I was just going through your website links and it looks like a 924000 but I really need to dig into this. Now this blower isnt pretty as its been sitting outside but I almost got it running last night. It will run. 80 #'s of comp and now I know how to do valves thanks to this site!! Going out to take pics now. Thank you!!


----------



## Redliner67 (Mar 2, 2015)

*took some pics*

Here she is


----------



## micah68kj (Oct 8, 2011)

If those skids are original that blower hasn't been used much. They've not been flipped and they're not worn all that much.


----------



## 43128 (Feb 14, 2014)

thats definetely worth fixing, throw a predator if that 8hp has more than just carburetor issues


----------



## Redliner67 (Mar 2, 2015)

*I agree!!!*

Thats what I though! The paint on the bucket is mint. Scraper blade underneath is perfectly flat. Augers have no bends of distortion whatsoever. 2nd stage impellor is different style that my older ones where it has a perpendicular brace. All my other ones bend and I have to pound then back straight with a 5lb hammer if I suck up a large rock or chunk of ice. This thing is old and rusted but I'm thinking diamond in the rough.


----------



## Redliner67 (Mar 2, 2015)

*43128*



43128 said:


> thats definetely worth fixing, throw a predator if that 8hp has more than just carburetor issues


Id rather kiss my sister than put a predator motor on it. Those motors are not designed for outdoor blizzard conditions. The motor is not encased in a shield to protect the carb linkages and govenor from icing, snow builup, and eventually they crap out in the worst conditions. I had a honda knockoff on one and thats what would happen. Have to bring it inside and thaw it out as soon as it iced up. Snow kings just dont do that. Plus for 60$ I can make this motor run like new, carb included, and i dont have to spend the 200$ on the predator. Just my humble opinion sir.


----------



## sscotsman (Dec 8, 2010)

Thanks for the pics Red!
yep, thats definately a Tecumseh engine that came off a Bradford snowblower..
probably very close to what was originally on it..
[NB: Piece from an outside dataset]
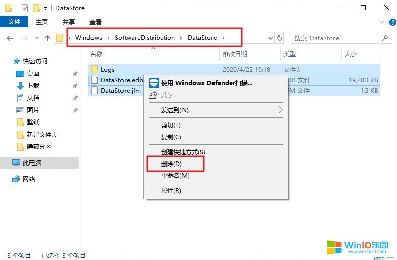 2、在里面我們找到并且打開名為“DataStore”的文件夾,將里面的所有文件和文件夾全部刪除掉。

I agree it looks like its had little use, but its also had poor care and upkeep..
the engine probably had to be replaced because the original owner couldnt be bothered to check or change the oil!  apart from the grime, I agree this could be "a diamond in the rough"..

Its a 924000 series from the 1974 to 1977 timeframe..
I can see in one of your photos the Ariens data tag is still on it, at the rear of the machine betwen the wheels..post the numbers on that tag, and we can probably work out the exact model year..

And thanks for your comment about not putting a predator on it! 
we are a minority on this forum..

Scot


----------



## Redliner67 (Mar 2, 2015)

For some weird reason I can't upload pics from my smartphone. Il take one with camera when I get this sled together.


----------



## Redliner67 (Mar 2, 2015)

The Mod # is unreadable except that the 2nd # is 9

The Serial number is 003382

sorry bout the pic, for some reason my camera takes lousy pics close up, ill send one over from my phone


----------



## toroused (Mar 1, 2015)

Yes, that was the one from Townsend - you beat me to it as I was next in line. I saw from the handle bar set up in the back of the plastic hood (buried in the ad) that it was a 924 set up, and that peaked my interest. 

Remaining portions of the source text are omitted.